During a public hearing earlier this month, New York State Department of Financial Services superintendent Maria Vullo expressed concerns that CVS, which had to borrow $40 billion to fund the proposed $69 billion acquisition, could raise insurance premiums for millions of residents.

(Related: Dear Connecticut: CVS Can’t Afford Aetna. Sincerely, New York)

“New York Insurance Law provides that I, as the superintendent, shall disapprove an acquisition if I determine that such action is reasonably necessary to protect the interests of the people of this state,” Vullo said, according to a written version of the statement she made at the hearing.

Despite an August plea from California to block the deal, the U.S. Department of Justice announced earlier this month that it will approve the Woonsocket, Rhode Island-based retail pharmacy giant’s purchase of Hartford, Connecticut-based Aetna, assuming the latter divests its Medicare Part D prescription drug plan for businesses and individuals. Connecticut regulators also approved the deal earlier this month, but New York remains wary and the only apparent roadblock to the merger.

While each state has the authority to investigate and ultimately reject such deals, the extent to which they do so varies, Zollo said. For example, it’s not surprising, he added, that California, Connecticut and New York—all of which have “massive amounts of commerce and a history of significant M&As—want to analyze these types of deals as they relate to their states and their populations.”

In addition to her concern about potential premium rate increases, Vullo also expressed worry about increased pharmaceutical costs; data privacy issues; community support; and CVS’s ability to do business statewide, “in a manner that serves New York’s communities fairly and equitably, including those communities most in need of access to affordable health care services.”

She added that statutory factors for the agency to consider when making its determination include the financial condition of both parties, the source of funds for the acquisition, whether it is likely to harm or prejudice stakeholders and whether the acquisition will harm competition.

“There’s a whole list of factors, but if you really step back and look at these state reviews, the decision and analysis really come under a public policy perspective,” Zollo said. “What those agencies are saying is, ‘Does this merger increase competition, decrease it or keep it neutral, and how does that [determination] impact the typical consumer that uses the product or services that the combined company will offer?
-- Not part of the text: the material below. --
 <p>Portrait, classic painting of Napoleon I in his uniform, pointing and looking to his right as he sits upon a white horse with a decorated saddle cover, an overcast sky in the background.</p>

How does this affect the citizens of our state in terms of jobs, prices, competition?’”

Andre Barlow, an antitrust lawyer at Washington, D.C.’s Doyle, Barlow & Mazard, agreed that while an outright rejection of the deal is improbable, “it is more likely that the New York Department of Financial Services will negotiate some conditions that would remedy any concerns and allow the deal to proceed.”  

Although this deal is a so-called vertical merger, there is some level of business overlap, namely in various prescription drug plans. This has created concerns that the consolidation of existing pharmacy benefit managers with insurers would make it increasingly difficult for new, independent companies to enter the pharmacy benefit management market. But such worries could be addressed, Barlow said in an email, by remedies designed to regulate future behavior. 
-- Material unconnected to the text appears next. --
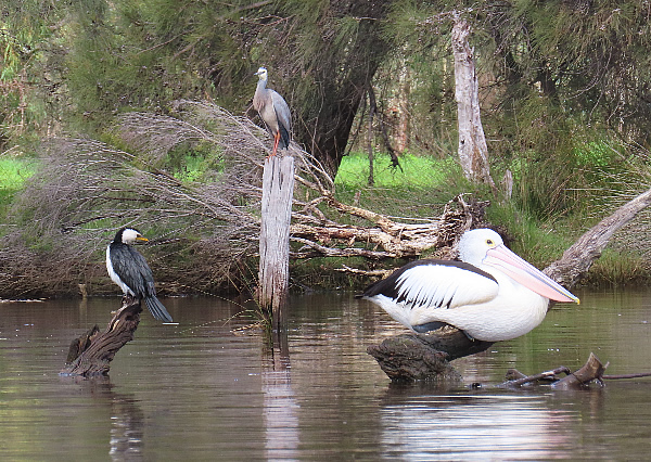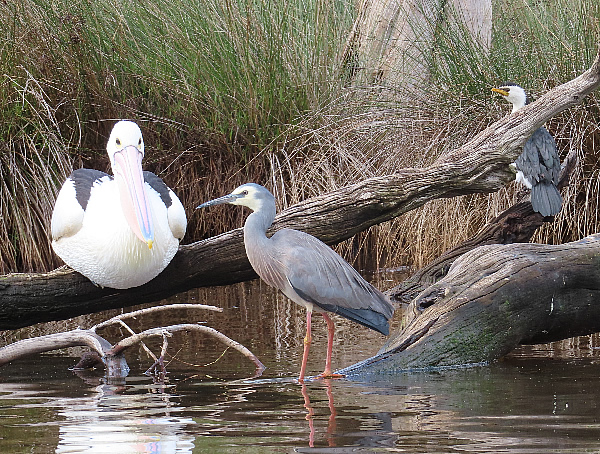 A Pelican, a White Faced Heron and a Little Pied Cormorant.

“With these types of conditions, the [agency] would have the ability to regulate the parties’ post-merger conduct in a way that could protect independent and community pharmacies and allow consumers greater access to the pharmacists of their choice,” he wrote.
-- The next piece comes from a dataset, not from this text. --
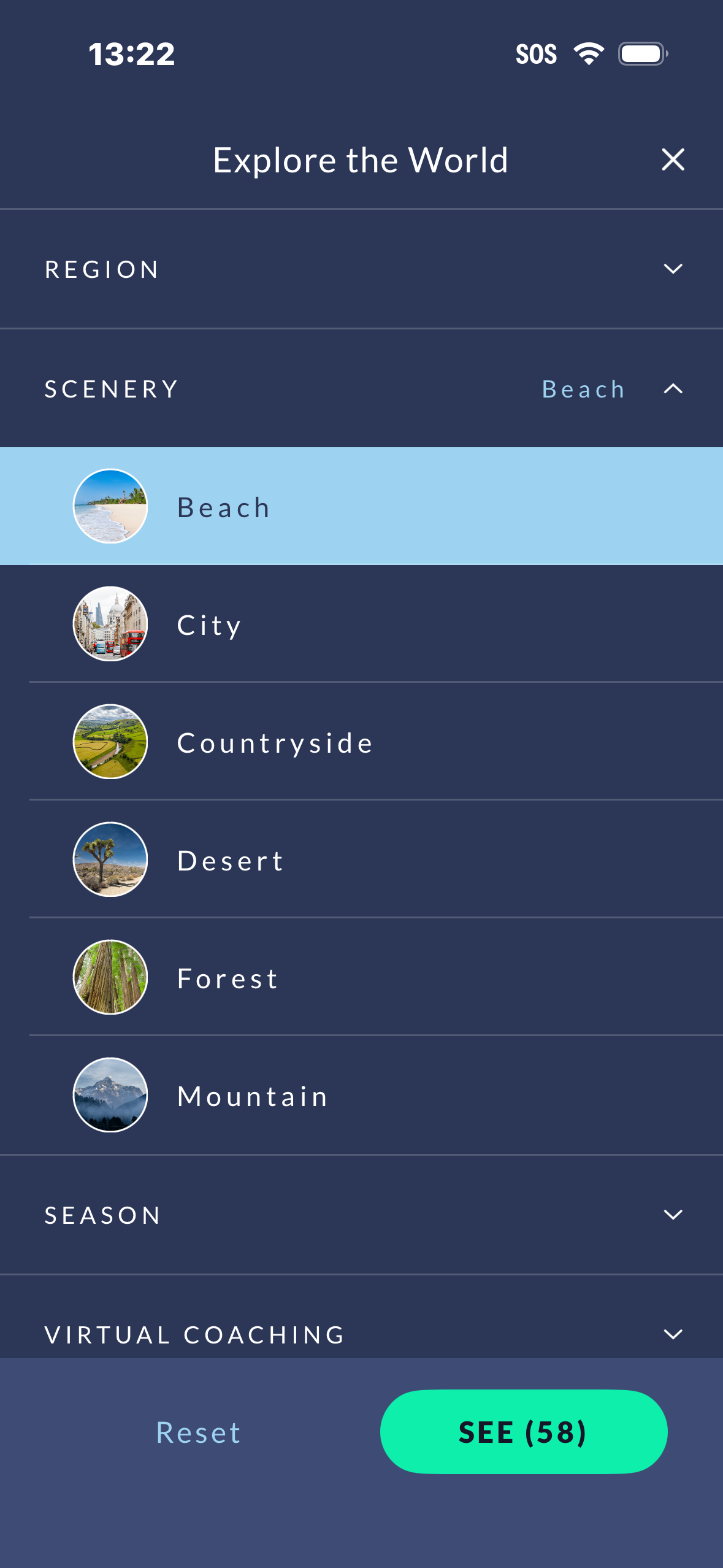 Tap the See Results button to see the matching routes. To start over, tap Clear Filters or reopen the Filter options and tap Reset to remove the filter selections.

On Thursday, the Department of Financial Services’ official record, including public comments, of the proposed merger was closed and fully submitted for the agency’s determination—a process that, given all the likely negotiating needed to agree on possible concessions, still could take months, Zollo said.

— Read Justice Department Blesses CVS-Aetna Dealon ThinkAdvisor.

— Connect with ThinkAdvisor Life/Health on LinkedIn and Twitter.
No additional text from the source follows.